Task statement =>
In the entries below, find the line with "大阪産業大学附属高校サッカー" and print exactly every line from there up to and including the line with "Hladan kuglof prelijte", with no other lines.

Input data =>
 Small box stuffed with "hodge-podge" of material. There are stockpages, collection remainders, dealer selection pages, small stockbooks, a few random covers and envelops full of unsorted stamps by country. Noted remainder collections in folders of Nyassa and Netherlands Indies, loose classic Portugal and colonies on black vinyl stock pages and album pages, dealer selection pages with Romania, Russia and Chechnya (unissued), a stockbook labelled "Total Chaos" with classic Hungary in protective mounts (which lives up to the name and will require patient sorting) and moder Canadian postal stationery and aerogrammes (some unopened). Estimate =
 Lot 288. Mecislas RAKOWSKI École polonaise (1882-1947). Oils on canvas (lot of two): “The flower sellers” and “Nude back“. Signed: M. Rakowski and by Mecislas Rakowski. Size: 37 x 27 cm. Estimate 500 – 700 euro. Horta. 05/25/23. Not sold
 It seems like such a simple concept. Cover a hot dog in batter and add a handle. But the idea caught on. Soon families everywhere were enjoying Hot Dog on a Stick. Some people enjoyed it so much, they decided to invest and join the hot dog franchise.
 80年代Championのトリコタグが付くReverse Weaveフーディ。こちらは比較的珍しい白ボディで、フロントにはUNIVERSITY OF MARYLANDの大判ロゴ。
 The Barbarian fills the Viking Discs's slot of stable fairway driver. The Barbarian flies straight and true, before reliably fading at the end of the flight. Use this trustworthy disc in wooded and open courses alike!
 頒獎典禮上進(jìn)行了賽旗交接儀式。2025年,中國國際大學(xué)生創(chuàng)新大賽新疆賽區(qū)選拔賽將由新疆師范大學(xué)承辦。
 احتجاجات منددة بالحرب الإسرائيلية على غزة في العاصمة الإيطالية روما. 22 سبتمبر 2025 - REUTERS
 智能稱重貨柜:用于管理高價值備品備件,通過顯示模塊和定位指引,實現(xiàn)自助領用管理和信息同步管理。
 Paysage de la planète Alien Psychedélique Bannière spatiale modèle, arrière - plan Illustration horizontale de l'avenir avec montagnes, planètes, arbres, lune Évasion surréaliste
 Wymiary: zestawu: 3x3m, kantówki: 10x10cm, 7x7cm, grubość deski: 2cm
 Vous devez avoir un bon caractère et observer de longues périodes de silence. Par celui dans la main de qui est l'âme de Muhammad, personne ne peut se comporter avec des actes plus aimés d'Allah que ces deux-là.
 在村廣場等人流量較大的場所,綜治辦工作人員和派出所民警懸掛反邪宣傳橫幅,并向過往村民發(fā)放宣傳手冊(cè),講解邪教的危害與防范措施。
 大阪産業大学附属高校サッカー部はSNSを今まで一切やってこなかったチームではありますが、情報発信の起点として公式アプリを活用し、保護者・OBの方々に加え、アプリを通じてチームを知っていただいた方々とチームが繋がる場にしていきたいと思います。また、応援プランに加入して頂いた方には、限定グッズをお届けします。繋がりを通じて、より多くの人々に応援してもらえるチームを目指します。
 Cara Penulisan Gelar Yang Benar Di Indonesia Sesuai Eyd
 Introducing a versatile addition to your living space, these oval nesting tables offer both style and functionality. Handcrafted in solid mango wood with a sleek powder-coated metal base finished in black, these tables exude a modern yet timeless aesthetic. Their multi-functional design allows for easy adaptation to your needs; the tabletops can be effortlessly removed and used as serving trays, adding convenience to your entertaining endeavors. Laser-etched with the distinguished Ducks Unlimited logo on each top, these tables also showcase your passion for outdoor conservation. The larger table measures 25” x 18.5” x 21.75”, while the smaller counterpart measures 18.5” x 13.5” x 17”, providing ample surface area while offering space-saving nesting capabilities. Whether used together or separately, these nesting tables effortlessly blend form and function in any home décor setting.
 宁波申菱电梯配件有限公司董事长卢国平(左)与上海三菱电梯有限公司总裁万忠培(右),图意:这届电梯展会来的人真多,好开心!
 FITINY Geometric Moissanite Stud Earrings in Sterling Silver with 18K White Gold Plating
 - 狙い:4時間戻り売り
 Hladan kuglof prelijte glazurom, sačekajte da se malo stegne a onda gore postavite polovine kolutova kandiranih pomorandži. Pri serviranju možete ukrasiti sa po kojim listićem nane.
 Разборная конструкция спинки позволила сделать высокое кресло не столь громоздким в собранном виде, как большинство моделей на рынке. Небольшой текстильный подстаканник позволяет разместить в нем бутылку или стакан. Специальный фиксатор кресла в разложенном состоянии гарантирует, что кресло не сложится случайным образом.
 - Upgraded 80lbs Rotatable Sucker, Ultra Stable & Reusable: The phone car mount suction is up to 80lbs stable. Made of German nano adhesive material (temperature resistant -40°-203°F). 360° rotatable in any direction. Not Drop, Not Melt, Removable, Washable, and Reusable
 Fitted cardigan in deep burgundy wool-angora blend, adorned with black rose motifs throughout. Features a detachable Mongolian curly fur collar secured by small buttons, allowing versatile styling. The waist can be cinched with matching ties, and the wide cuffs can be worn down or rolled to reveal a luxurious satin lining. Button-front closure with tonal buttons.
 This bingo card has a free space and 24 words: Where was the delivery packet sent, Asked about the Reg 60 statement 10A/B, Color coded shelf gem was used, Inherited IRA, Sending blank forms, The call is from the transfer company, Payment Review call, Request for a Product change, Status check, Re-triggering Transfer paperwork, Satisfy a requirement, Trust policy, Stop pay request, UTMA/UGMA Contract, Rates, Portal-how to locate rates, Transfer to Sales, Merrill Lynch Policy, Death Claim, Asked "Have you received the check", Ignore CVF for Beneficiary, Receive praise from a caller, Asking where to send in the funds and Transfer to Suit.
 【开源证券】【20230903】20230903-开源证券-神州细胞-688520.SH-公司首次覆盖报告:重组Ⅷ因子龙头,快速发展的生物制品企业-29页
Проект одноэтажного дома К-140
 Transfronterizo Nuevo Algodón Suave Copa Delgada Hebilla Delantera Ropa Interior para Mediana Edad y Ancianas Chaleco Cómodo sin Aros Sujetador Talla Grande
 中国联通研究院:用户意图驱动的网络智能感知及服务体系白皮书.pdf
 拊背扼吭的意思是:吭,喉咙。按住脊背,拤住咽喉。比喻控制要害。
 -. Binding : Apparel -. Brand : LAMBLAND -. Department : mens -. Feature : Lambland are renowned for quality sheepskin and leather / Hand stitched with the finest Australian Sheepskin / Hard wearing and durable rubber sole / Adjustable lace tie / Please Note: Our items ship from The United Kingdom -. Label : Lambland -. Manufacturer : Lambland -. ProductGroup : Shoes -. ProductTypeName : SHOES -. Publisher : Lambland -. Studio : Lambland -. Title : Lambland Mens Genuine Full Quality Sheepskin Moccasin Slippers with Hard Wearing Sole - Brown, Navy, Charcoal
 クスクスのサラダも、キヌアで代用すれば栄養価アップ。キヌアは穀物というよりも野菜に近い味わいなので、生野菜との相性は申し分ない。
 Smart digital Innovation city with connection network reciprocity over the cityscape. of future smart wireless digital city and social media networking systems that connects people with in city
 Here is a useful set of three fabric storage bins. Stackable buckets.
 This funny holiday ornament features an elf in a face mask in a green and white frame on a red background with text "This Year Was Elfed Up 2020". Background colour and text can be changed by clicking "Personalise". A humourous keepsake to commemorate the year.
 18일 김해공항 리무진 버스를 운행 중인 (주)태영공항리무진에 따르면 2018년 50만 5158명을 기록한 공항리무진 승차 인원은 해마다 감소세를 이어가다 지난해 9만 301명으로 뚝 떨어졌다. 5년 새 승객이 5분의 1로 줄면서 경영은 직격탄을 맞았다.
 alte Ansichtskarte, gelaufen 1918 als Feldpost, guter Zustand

Exercise answer =>
 大阪産業大学附属高校サッカー部はSNSを今まで一切やってこなかったチームではありますが、情報発信の起点として公式アプリを活用し、保護者・OBの方々に加え、アプリを通じてチームを知っていただいた方々とチームが繋がる場にしていきたいと思います。また、応援プランに加入して頂いた方には、限定グッズをお届けします。繋がりを通じて、より多くの人々に応援してもらえるチームを目指します。
 Cara Penulisan Gelar Yang Benar Di Indonesia Sesuai Eyd
 Introducing a versatile addition to your living space, these oval nesting tables offer both style and functionality. Handcrafted in solid mango wood with a sleek powder-coated metal base finished in black, these tables exude a modern yet timeless aesthetic. Their multi-functional design allows for easy adaptation to your needs; the tabletops can be effortlessly removed and used as serving trays, adding convenience to your entertaining endeavors. Laser-etched with the distinguished Ducks Unlimited logo on each top, these tables also showcase your passion for outdoor conservation. The larger table measures 25” x 18.5” x 21.75”, while the smaller counterpart measures 18.5” x 13.5” x 17”, providing ample surface area while offering space-saving nesting capabilities. Whether used together or separately, these nesting tables effortlessly blend form and function in any home décor setting.
 宁波申菱电梯配件有限公司董事长卢国平(左)与上海三菱电梯有限公司总裁万忠培(右),图意:这届电梯展会来的人真多,好开心!
 FITINY Geometric Moissanite Stud Earrings in Sterling Silver with 18K White Gold Plating
 - 狙い:4時間戻り売り
 Hladan kuglof prelijte glazurom, sačekajte da se malo stegne a onda gore postavite polovine kolutova kandiranih pomorandži. Pri serviranju možete ukrasiti sa po kojim listićem nane.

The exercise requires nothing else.